6.3 I NGENIERIE DE LA BIOSYNTHESE DES STILBENES

6.3.3 Production de stilbènes chez les bactéries et les levures

Les bactéries et levures utilisées couramment en biotechnologie ne possèdent pas les enzymes clés permettant la biosynthèse des phénylpropanoïdes. Afin de pouvoir produire du resvératrol, ces systèmes hétérologues doivent produire deux substrats :

- le malonyl-CoA, naturellement présent chez les bactéries et les levures car il rentre dans la voie de biosynthèse de novo des acides gras.
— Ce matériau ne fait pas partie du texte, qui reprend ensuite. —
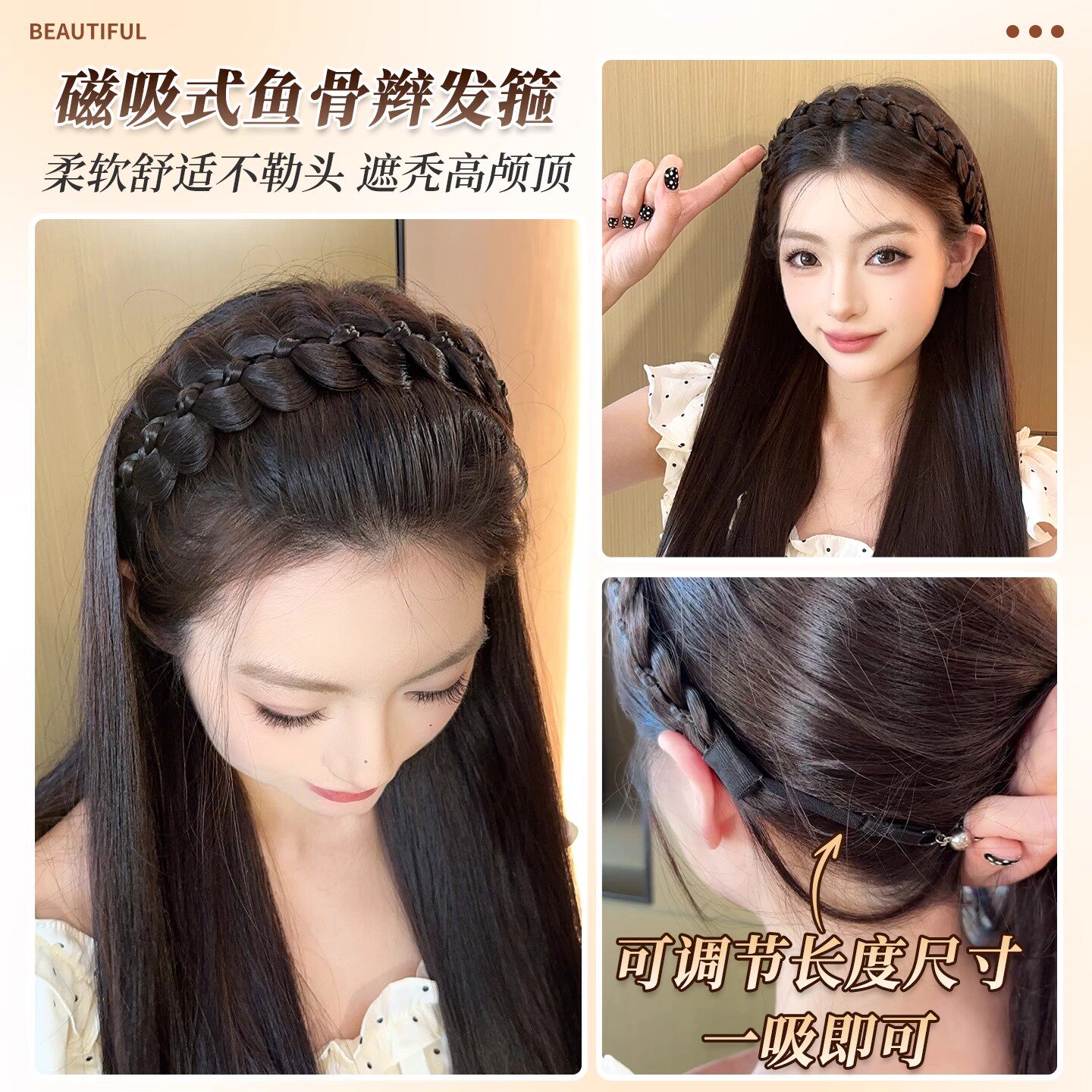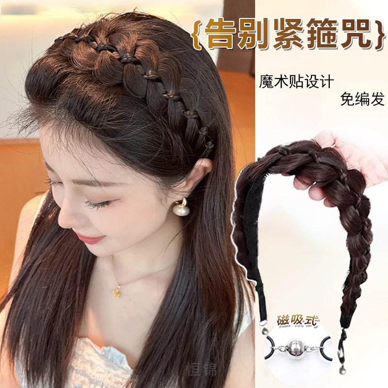 磁吸式鱼骨辫发箍假发女麻花辫长辫子高颅顶遮发缝压发箍刘海编发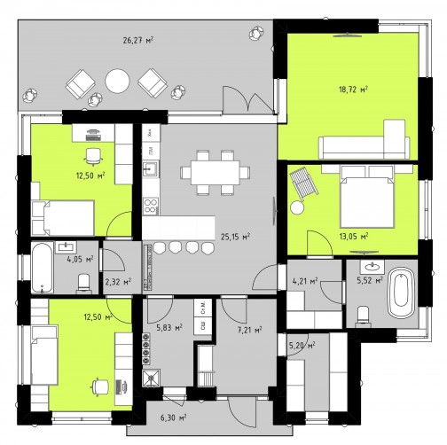 Дом: 116,26 кв.м (полезная площадь, без террасы и крыльца):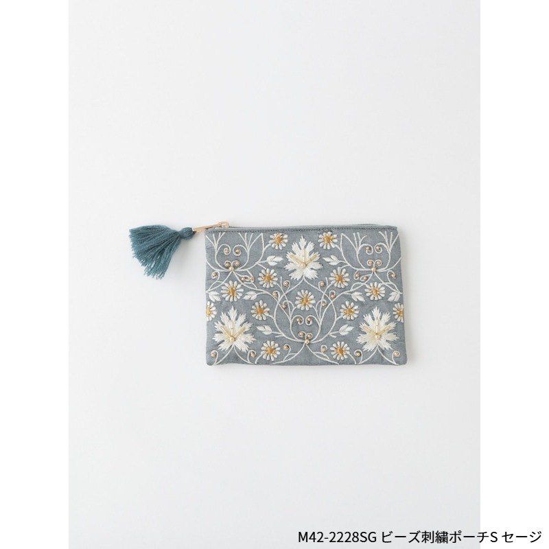 【東京かんかん】ビーズ刺繍ポーチS セージ&シルバー ハンドメイド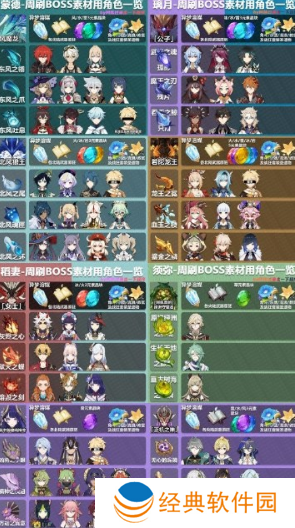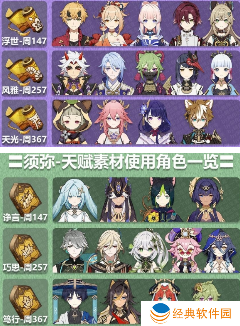 稻妻天赋素材使用角色一览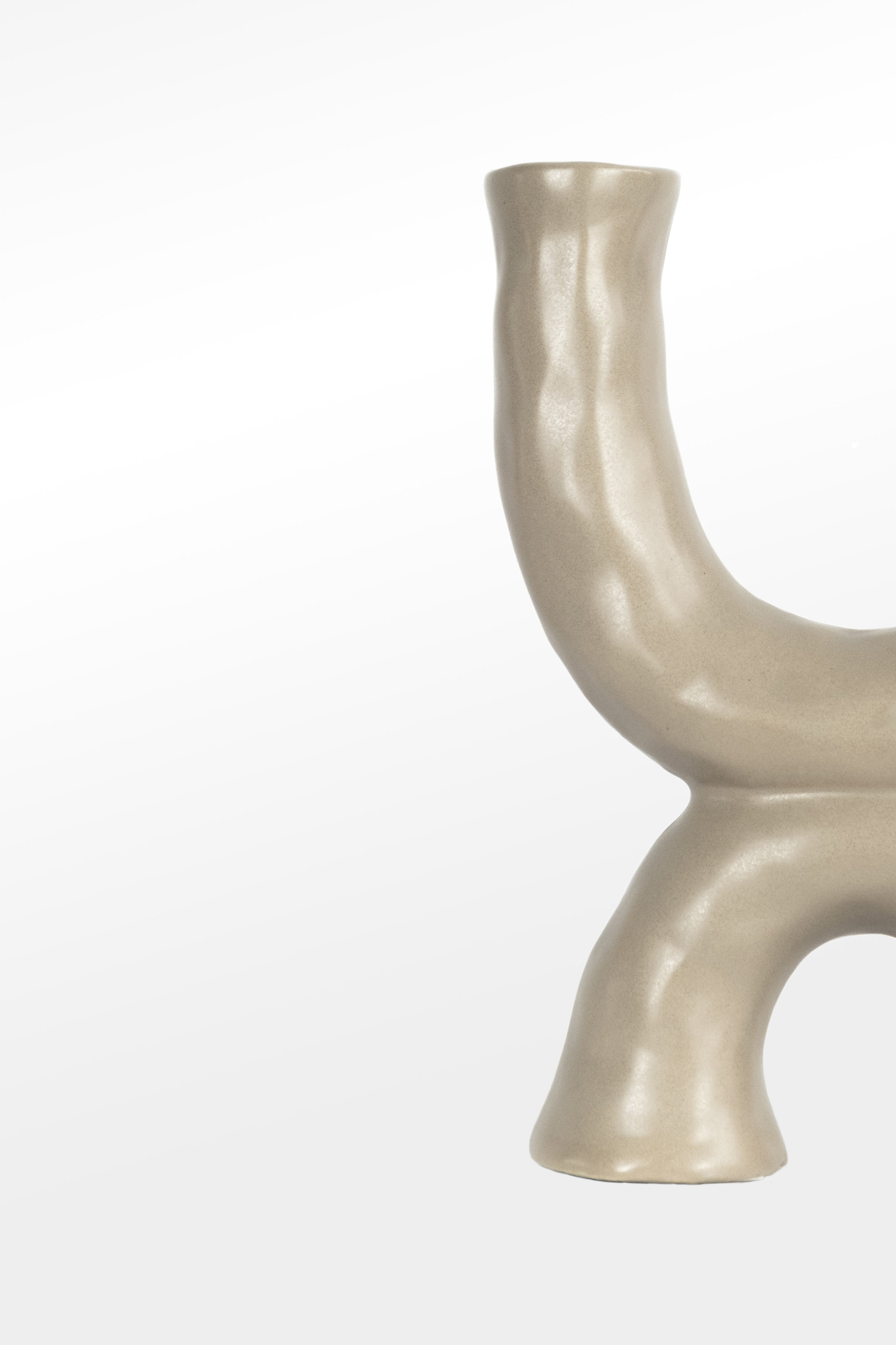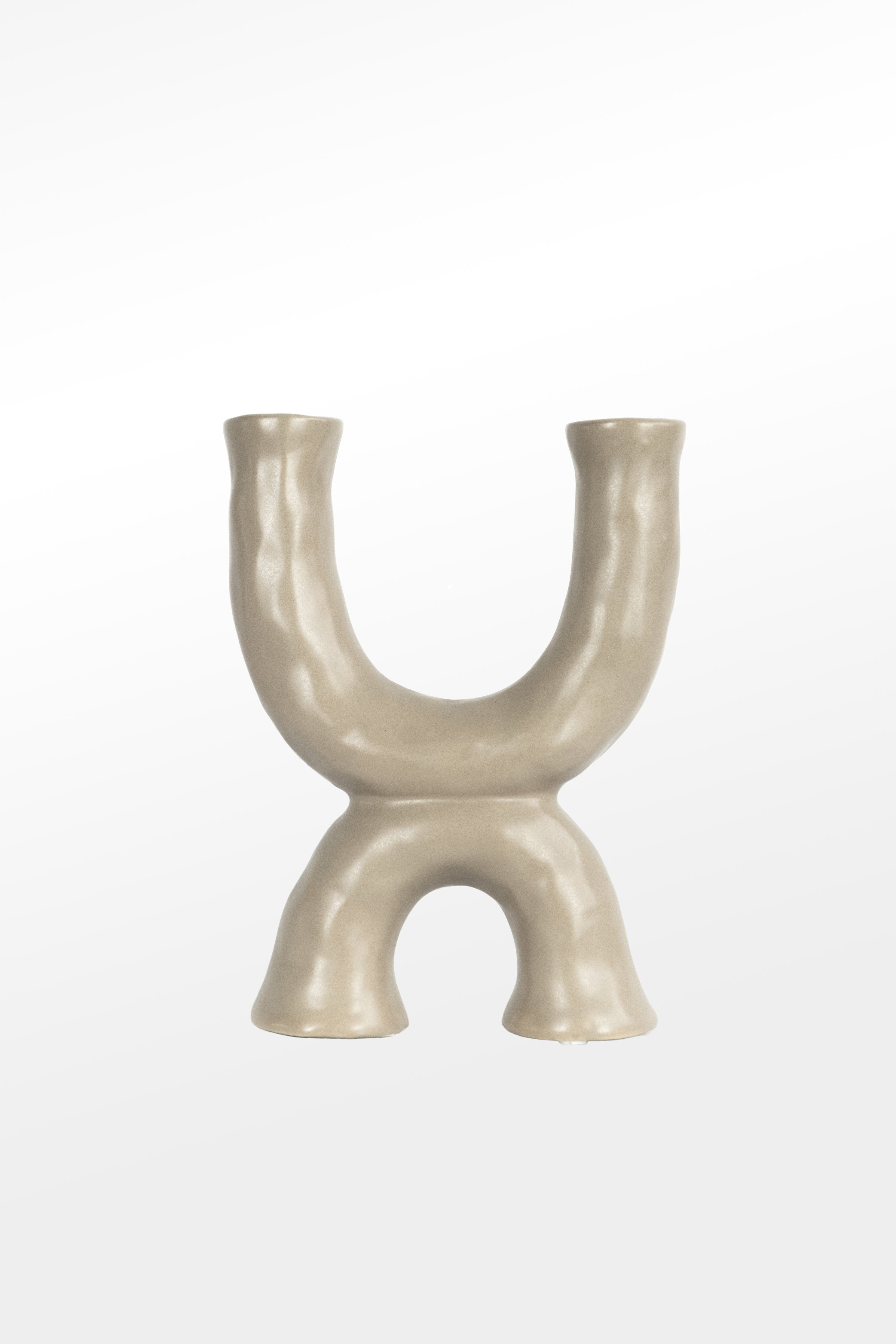 This organic candle holder is a real atmosphere creator in your home. With its round shapes, it's already charming on its own, but with two beautiful candles inside, it becomes extra cozy! This is the small variant.
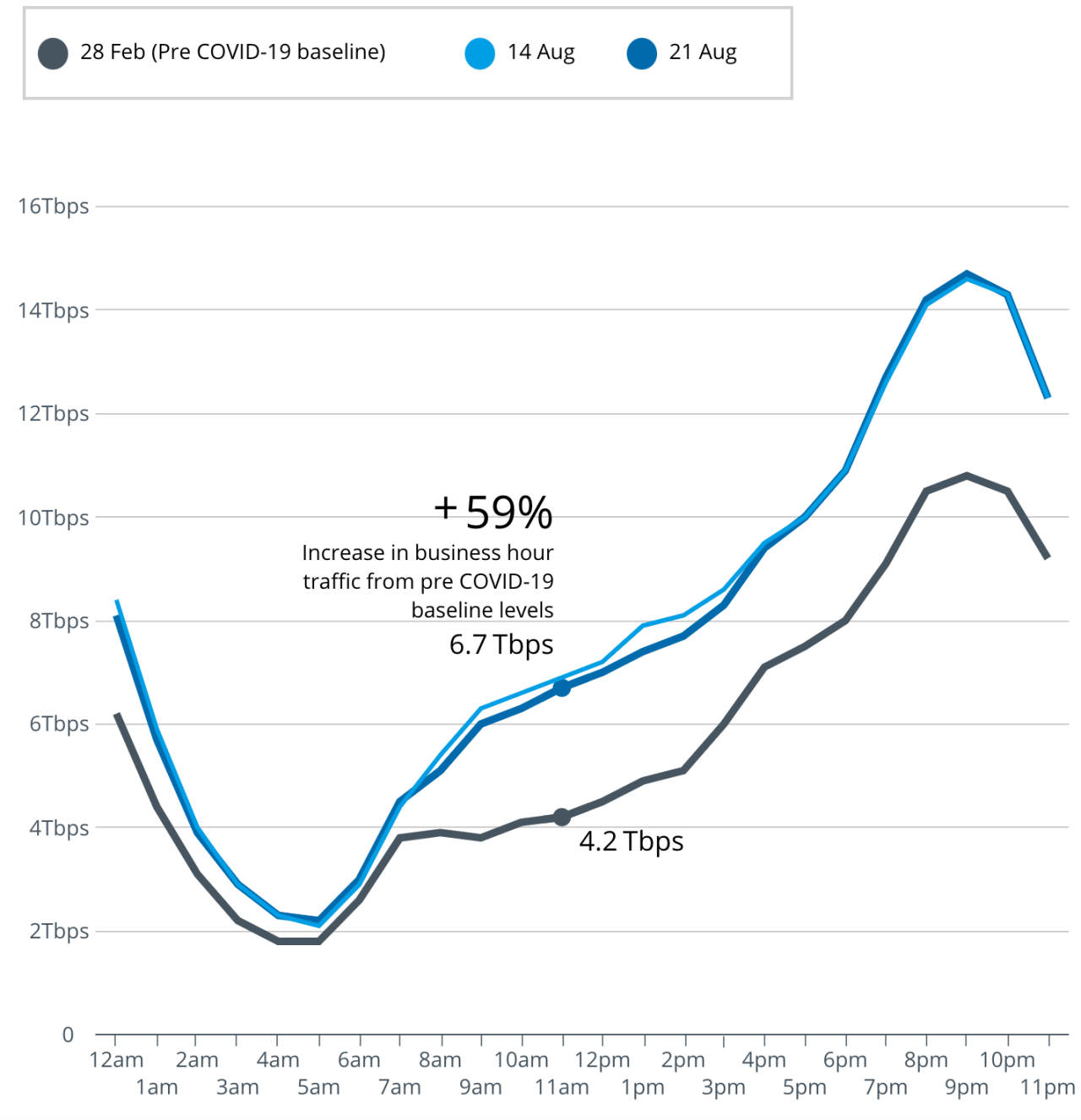 Download throughput during the same week peaked at 9.5Tbps in daytime business hours, consistent with peak download throughput observed in the previous week and at 13.4Tbps in the early evening hours, representing a decline of 5.7 per cent on the peak download throughput of the previous week.

- le p-coumaroyl-CoA obtenu par la 4-coumarate : CoA ligase (4CL) à partir de l’acide

p-coumarique. La voie des phénylpropanoïdes n’existant pas chez ces microorganismes, l’enjeu de la synthèse de resvératrol réside donc dans le fait de pouvoir recréer les premières étapes de la voie de biosynthèse des phénypropanoïdes dans ces systèmes hétérologues.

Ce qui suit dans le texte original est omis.